Sunday, October 21, 2007

The Calling of the Trees

Recently, my sister, Cari, and I had made the life altering decision to move from Calgary to an acreage in another province. We found the property of our dreams, just fifteen minutes outside the village of Nakusp, BC, as if we had been magically guided to that particular parcel of land.
We purchased the hobby farm in November of 2005 but didn't get possession of it until May 01 of 2006 and because of circumstances beyond our control; we ended up buying the property sight-unseen.

We had no problem selling our house in Alberta and we had agreed to a move-out date of May 15. That meant we had two weeks where we owned two properties. That was fine with us because it meant we could go look at what we had purchased and figure out what we needed to do to make our new house a home. We were going to spend four days measuring for new window coverings, figuring out where our furniture would go and giving the place a thorough cleaning.We arrived on the property without incident. After touring the outside, we headed in to check out the single-wide mobile home.

We entered through the front porch, which by the look of it, had been a hastily constructed addition. As Cari opened the dented screen door, I felt a twinge of anxiety. We stepped gingerly into the small, enclosed space and I tried not to freak out. The inside of the porch was lined with pink fiberglass bats with plastic vapor barrier secured on top. The porch obviously leaked in wet weather because the insulation in the ceiling and walls were wet and the plastic had mold growing on the inside of it. I prayed that the condition of the front porch wasn’t indicative of the rest of the place.

As Cari fumbled with the lock to the main door, I stood there feeling my apprehension grow. She finally managed the lock and I watched in amazement as the door swung open into the kitchen, narrowly missing the fridge by an inch.

I knew that the mobile home was 400 square feet smaller than our house in Calgary but seeing how that translated into actual living space took me aback.

As we toured the house, my outlook became more positive. Yes, it was small but the floor plan was exactly like our home back in Calgary. Okay, it wasn’t exactly like our house back in the city. It was missing a third bedroom, a second bathroom, a basement, closet space, an office, a workshop and a laundry room, but I still figured I could make our furniture work in our new space. Besides, I would measure every room just to double check that everything would fit.
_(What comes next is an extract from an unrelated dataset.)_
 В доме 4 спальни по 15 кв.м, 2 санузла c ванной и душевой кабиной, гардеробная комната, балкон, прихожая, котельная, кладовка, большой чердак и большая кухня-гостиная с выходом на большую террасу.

Once we unpacked the cleaning supplies and set up the inflatable camping beds in the bedrooms, we promptly went to work making the place feel like ours. However, as we worked, I noticed something curious happening. It was early May and the weather was a bit cool for sitting outside so we had placed two lawn chairs in the living room facing the large picture window. Like moths to a flame, Cari and I kept gravitating to the lawn chairs. Instead of industriously scrubbing and vacuuming, we sat looking out at the trees. Minutes would turn into hours and we would still be sitting, silently watching the trees dance in the breeze.
This curious behavior continued over the four days so that by the end of our stay all we accomplished was giving the house a quick clean and taking down the peach colored valances in the living room. So much for our big plans.

As mesmerizing as our farm was, when I went to bed that first night, I was hit by a wave of anxiety. Was it buyer's remorse or a sudden realization that I, a city girl, had bought a hobby farm and was moving to another province without a job? It seemed like a good idea at the time but now that the reality of what we were doing hit me I felt sick to my stomach.
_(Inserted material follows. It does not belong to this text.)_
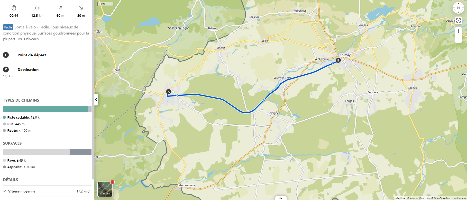 Afstand Momignies - Chimay : 13,3 km

I lay in the dark and looked up at the ceiling hoping to find the answers to my fears when I saw the strangest sight. I didn't have my glasses on, and with my extreme near-sightedness, it appeared that my bedroom ceiling was full of large circular holes. I fumbled in the dark for my glasses. When I put them on and looked back up at the ceiling, I started to laugh. What I thought was moonlight shining down through Swiss-cheese holes in my ceiling turned out to be those plastic glow-in-the-dark stars that parents decorate kids' rooms with.
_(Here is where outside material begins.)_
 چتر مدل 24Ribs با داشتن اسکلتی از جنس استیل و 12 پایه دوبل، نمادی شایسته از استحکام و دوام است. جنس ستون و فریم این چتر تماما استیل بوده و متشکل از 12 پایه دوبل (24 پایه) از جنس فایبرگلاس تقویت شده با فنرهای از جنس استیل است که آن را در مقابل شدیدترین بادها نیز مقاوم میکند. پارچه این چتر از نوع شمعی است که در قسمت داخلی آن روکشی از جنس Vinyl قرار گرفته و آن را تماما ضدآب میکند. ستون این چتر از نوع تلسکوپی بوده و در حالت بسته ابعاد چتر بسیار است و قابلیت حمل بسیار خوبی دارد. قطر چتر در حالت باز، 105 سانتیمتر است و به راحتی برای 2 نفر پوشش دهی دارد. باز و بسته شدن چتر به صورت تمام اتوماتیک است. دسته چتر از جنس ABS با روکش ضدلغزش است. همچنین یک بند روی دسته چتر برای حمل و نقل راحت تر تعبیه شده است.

I lay back in bed, looking at the stars in my own private sky and quietly sang, "If your heart is in your dream. No request is too extreme. When you wish upon a star. . . Your dreams come true."

I knew, right then, lying in the dark looking up at my ceiling of plastic stars that no matter what was to unfold in my future, I would be just fine. Both Cari and I were smart, resourceful and creative. We would make this new life work. As for figuring out how all our furniture would fit, well that was a challenge best left for another day.